Say what you will about our government, but I can’t help imagine that some of our most incredible inventions and technologies wouldn’t have been made possible without the support from federal servants. I was reflecting about this recently in my newspaper column, and how when we think of innovation, we often think of new products or services that surface from the commercial sector. Yet innovation driven from government shouldn’t be ignored. It has unquestionably played quite an important role in our everyday lives.
The list of products that have been spun off indirectly from the efforts of the U.S. space program are long and numerous. For the last 30-plus years, in its journal Spinoff, NASA has chronicled more than 1,700 products and technologies that have been commercialized through the influence or direct result of their research and development efforts. They include better extreme weather garments, improved food preservation, more convenient food packaging, and safer tires to name a few.

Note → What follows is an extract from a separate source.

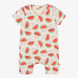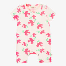 Ivory shortie for baby girls by The Bonnie Mob, made in soft, organic cotton jersey. Cool and comfortable, it is patterned in an all-over neon pink and green dove print for a vibrant and girly look. It has popper fastenings on one shoulder and between the legs for easy dressing and quick changing.
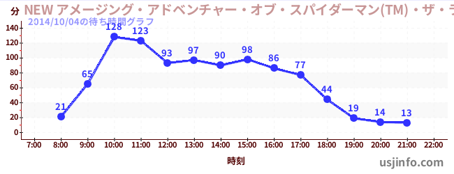 • NEW アメージング・アドベンチャー・オブ・スパイダーマン(TM)・ザ・ライド 4K3D$B$N(B2014年10月04日の待ち時間

With extremely limited space, power and weight considerations, the space program helped stimulate the drive toward smaller and more powerful electronics. And the technology for launching satellites into orbit led to a communications revolution and to the GPS navigation market itself.
Even if we don’t consider it day-to-day, who knows how different our lives would be without the developments from military research? From aerospace to weapons, the influence of military technology is unmistakable and immense. It has helped the United States win wars and survive, at least to this point in time, as a society and world power. Arguably the technology once unleashed, and seen as possible, could be turned against any country including ours, but its influence can’t be ignored or dismissed.
The arms race today isn’t about developing bigger and more powerful bombs; it’s about going smaller, more targeted and more localized. Better bombs and bullets are of course still being developed, but a whole new range of electromagnetic devices are being developed for use not only for battle, but also in the fight against terrorism. Precision, tactical and exotic devices are the focus.
Microwave radar devices using what are known as electronically scanned phased arrays are being developed that with the switch of a button, can almost instantly change their transmissions from wide angle search patterns to concentrating their energy into narrowly focused beams. The idea is to use these focused beams to cause a surge of electrical current in any wires or conductors in the path of the transmission and “fry” the electronics of the target, whether it is an aircraft, missile, tank, or even a powerboat that has suspected sinister intentions.
These devices might also have applications in law enforcement, for example to cut high-speed pursuit short by stalling the engines of evading vehicles.
Non-lethal, millimeter-wave “heat-ray” devices are being developed that cause hot stinging sensations upon the skin. As you might expect, the first reaction of volunteers in the testing of this painful device has been to flee. Although controversial, development continues with the goal of reducing confrontations with people without causing permanent bodily injury.